Stored data entries:
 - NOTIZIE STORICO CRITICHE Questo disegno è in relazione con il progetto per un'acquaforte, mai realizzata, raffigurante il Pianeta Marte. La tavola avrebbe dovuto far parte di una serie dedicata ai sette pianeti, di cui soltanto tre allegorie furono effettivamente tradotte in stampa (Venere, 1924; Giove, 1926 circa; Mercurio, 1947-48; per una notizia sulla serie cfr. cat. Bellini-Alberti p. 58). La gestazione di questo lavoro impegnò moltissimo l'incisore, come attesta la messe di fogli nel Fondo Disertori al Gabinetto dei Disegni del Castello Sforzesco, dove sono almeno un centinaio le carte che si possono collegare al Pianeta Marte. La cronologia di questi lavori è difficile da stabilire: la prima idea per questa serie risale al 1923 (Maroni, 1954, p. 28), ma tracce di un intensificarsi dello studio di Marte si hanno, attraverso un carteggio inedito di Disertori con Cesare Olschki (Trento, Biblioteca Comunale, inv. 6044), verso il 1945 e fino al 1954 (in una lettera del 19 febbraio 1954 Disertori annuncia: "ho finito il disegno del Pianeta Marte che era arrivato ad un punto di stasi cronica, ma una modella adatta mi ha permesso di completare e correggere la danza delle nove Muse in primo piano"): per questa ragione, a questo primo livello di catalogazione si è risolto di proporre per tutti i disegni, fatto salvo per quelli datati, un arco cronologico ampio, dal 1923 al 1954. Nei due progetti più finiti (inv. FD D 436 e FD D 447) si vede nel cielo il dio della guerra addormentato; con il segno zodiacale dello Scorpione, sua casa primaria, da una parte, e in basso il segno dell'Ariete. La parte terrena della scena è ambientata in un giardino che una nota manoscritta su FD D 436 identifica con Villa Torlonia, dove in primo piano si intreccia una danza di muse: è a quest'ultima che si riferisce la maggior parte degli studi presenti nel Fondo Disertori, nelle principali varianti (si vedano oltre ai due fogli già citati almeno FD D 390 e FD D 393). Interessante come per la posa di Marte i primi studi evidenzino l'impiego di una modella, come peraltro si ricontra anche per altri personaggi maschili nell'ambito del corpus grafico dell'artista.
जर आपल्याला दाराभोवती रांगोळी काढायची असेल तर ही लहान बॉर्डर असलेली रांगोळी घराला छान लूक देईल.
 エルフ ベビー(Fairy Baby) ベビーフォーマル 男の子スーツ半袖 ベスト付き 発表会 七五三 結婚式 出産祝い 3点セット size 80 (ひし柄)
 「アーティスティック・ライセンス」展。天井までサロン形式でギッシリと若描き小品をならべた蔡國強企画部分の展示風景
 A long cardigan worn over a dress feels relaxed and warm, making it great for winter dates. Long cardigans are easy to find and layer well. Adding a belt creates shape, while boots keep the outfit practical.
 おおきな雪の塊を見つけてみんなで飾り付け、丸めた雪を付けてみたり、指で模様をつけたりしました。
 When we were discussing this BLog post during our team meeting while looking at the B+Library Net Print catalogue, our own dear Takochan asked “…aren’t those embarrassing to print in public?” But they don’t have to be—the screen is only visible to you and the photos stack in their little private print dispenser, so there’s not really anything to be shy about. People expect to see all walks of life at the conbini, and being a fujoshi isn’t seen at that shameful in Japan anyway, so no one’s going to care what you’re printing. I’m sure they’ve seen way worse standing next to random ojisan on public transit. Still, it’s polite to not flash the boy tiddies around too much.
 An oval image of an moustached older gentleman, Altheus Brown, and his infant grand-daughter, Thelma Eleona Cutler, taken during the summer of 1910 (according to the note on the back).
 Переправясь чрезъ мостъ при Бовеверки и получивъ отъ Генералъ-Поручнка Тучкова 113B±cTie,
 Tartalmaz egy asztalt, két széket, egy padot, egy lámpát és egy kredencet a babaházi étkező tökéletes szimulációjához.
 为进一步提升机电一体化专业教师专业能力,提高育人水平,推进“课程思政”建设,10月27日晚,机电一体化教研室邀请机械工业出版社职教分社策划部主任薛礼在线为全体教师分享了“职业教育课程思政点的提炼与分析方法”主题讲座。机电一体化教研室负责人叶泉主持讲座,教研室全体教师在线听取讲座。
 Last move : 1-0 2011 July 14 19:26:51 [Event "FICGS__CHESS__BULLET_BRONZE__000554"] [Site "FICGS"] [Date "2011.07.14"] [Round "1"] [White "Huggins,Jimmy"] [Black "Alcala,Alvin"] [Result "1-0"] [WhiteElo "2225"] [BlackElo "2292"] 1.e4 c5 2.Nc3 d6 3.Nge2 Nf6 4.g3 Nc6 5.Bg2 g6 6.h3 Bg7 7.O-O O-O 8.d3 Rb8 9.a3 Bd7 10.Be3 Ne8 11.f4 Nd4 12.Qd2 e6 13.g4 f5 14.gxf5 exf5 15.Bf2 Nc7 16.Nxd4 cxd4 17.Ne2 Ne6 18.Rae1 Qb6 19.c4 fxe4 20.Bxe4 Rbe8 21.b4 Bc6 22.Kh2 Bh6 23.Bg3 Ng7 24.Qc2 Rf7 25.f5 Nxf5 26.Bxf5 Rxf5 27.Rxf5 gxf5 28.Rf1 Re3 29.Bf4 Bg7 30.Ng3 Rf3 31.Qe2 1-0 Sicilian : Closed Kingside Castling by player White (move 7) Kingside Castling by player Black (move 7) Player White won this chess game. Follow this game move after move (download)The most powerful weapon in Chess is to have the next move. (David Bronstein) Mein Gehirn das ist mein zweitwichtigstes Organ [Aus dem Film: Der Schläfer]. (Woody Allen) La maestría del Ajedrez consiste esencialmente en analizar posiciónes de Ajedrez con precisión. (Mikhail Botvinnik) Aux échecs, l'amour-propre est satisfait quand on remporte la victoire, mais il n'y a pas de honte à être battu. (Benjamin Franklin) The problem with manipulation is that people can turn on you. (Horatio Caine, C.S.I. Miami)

:: AIM OF THE EXERCISE ::
Set every entry down once more, exactly as written above.

:: TASK ANSWER ::
 - NOTIZIE STORICO CRITICHE Questo disegno è in relazione con il progetto per un'acquaforte, mai realizzata, raffigurante il Pianeta Marte. La tavola avrebbe dovuto far parte di una serie dedicata ai sette pianeti, di cui soltanto tre allegorie furono effettivamente tradotte in stampa (Venere, 1924; Giove, 1926 circa; Mercurio, 1947-48; per una notizia sulla serie cfr. cat. Bellini-Alberti p. 58). La gestazione di questo lavoro impegnò moltissimo l'incisore, come attesta la messe di fogli nel Fondo Disertori al Gabinetto dei Disegni del Castello Sforzesco, dove sono almeno un centinaio le carte che si possono collegare al Pianeta Marte. La cronologia di questi lavori è difficile da stabilire: la prima idea per questa serie risale al 1923 (Maroni, 1954, p. 28), ma tracce di un intensificarsi dello studio di Marte si hanno, attraverso un carteggio inedito di Disertori con Cesare Olschki (Trento, Biblioteca Comunale, inv. 6044), verso il 1945 e fino al 1954 (in una lettera del 19 febbraio 1954 Disertori annuncia: "ho finito il disegno del Pianeta Marte che era arrivato ad un punto di stasi cronica, ma una modella adatta mi ha permesso di completare e correggere la danza delle nove Muse in primo piano"): per questa ragione, a questo primo livello di catalogazione si è risolto di proporre per tutti i disegni, fatto salvo per quelli datati, un arco cronologico ampio, dal 1923 al 1954. Nei due progetti più finiti (inv. FD D 436 e FD D 447) si vede nel cielo il dio della guerra addormentato; con il segno zodiacale dello Scorpione, sua casa primaria, da una parte, e in basso il segno dell'Ariete. La parte terrena della scena è ambientata in un giardino che una nota manoscritta su FD D 436 identifica con Villa Torlonia, dove in primo piano si intreccia una danza di muse: è a quest'ultima che si riferisce la maggior parte degli studi presenti nel Fondo Disertori, nelle principali varianti (si vedano oltre ai due fogli già citati almeno FD D 390 e FD D 393). Interessante come per la posa di Marte i primi studi evidenzino l'impiego di una modella, come peraltro si ricontra anche per altri personaggi maschili nell'ambito del corpus grafico dell'artista.
जर आपल्याला दाराभोवती रांगोळी काढायची असेल तर ही लहान बॉर्डर असलेली रांगोळी घराला छान लूक देईल.
 エルフ ベビー(Fairy Baby) ベビーフォーマル 男の子スーツ半袖 ベスト付き 発表会 七五三 結婚式 出産祝い 3点セット size 80 (ひし柄)
 「アーティスティック・ライセンス」展。天井までサロン形式でギッシリと若描き小品をならべた蔡國強企画部分の展示風景
 A long cardigan worn over a dress feels relaxed and warm, making it great for winter dates. Long cardigans are easy to find and layer well. Adding a belt creates shape, while boots keep the outfit practical.
 おおきな雪の塊を見つけてみんなで飾り付け、丸めた雪を付けてみたり、指で模様をつけたりしました。
 When we were discussing this BLog post during our team meeting while looking at the B+Library Net Print catalogue, our own dear Takochan asked “…aren’t those embarrassing to print in public?” But they don’t have to be—the screen is only visible to you and the photos stack in their little private print dispenser, so there’s not really anything to be shy about. People expect to see all walks of life at the conbini, and being a fujoshi isn’t seen at that shameful in Japan anyway, so no one’s going to care what you’re printing. I’m sure they’ve seen way worse standing next to random ojisan on public transit. Still, it’s polite to not flash the boy tiddies around too much.
 An oval image of an moustached older gentleman, Altheus Brown, and his infant grand-daughter, Thelma Eleona Cutler, taken during the summer of 1910 (according to the note on the back).
 Переправясь чрезъ мостъ при Бовеверки и получивъ отъ Генералъ-Поручнка Тучкова 113B±cTie,
 Tartalmaz egy asztalt, két széket, egy padot, egy lámpát és egy kredencet a babaházi étkező tökéletes szimulációjához.
 为进一步提升机电一体化专业教师专业能力,提高育人水平,推进“课程思政”建设,10月27日晚,机电一体化教研室邀请机械工业出版社职教分社策划部主任薛礼在线为全体教师分享了“职业教育课程思政点的提炼与分析方法”主题讲座。机电一体化教研室负责人叶泉主持讲座,教研室全体教师在线听取讲座。
 Last move : 1-0 2011 July 14 19:26:51 [Event "FICGS__CHESS__BULLET_BRONZE__000554"] [Site "FICGS"] [Date "2011.07.14"] [Round "1"] [White "Huggins,Jimmy"] [Black "Alcala,Alvin"] [Result "1-0"] [WhiteElo "2225"] [BlackElo "2292"] 1.e4 c5 2.Nc3 d6 3.Nge2 Nf6 4.g3 Nc6 5.Bg2 g6 6.h3 Bg7 7.O-O O-O 8.d3 Rb8 9.a3 Bd7 10.Be3 Ne8 11.f4 Nd4 12.Qd2 e6 13.g4 f5 14.gxf5 exf5 15.Bf2 Nc7 16.Nxd4 cxd4 17.Ne2 Ne6 18.Rae1 Qb6 19.c4 fxe4 20.Bxe4 Rbe8 21.b4 Bc6 22.Kh2 Bh6 23.Bg3 Ng7 24.Qc2 Rf7 25.f5 Nxf5 26.Bxf5 Rxf5 27.Rxf5 gxf5 28.Rf1 Re3 29.Bf4 Bg7 30.Ng3 Rf3 31.Qe2 1-0 Sicilian : Closed Kingside Castling by player White (move 7) Kingside Castling by player Black (move 7) Player White won this chess game. Follow this game move after move (download)The most powerful weapon in Chess is to have the next move. (David Bronstein) Mein Gehirn das ist mein zweitwichtigstes Organ [Aus dem Film: Der Schläfer]. (Woody Allen) La maestría del Ajedrez consiste esencialmente en analizar posiciónes de Ajedrez con precisión. (Mikhail Botvinnik) Aux échecs, l'amour-propre est satisfait quand on remporte la victoire, mais il n'y a pas de honte à être battu. (Benjamin Franklin) The problem with manipulation is that people can turn on you. (Horatio Caine, C.S.I. Miami)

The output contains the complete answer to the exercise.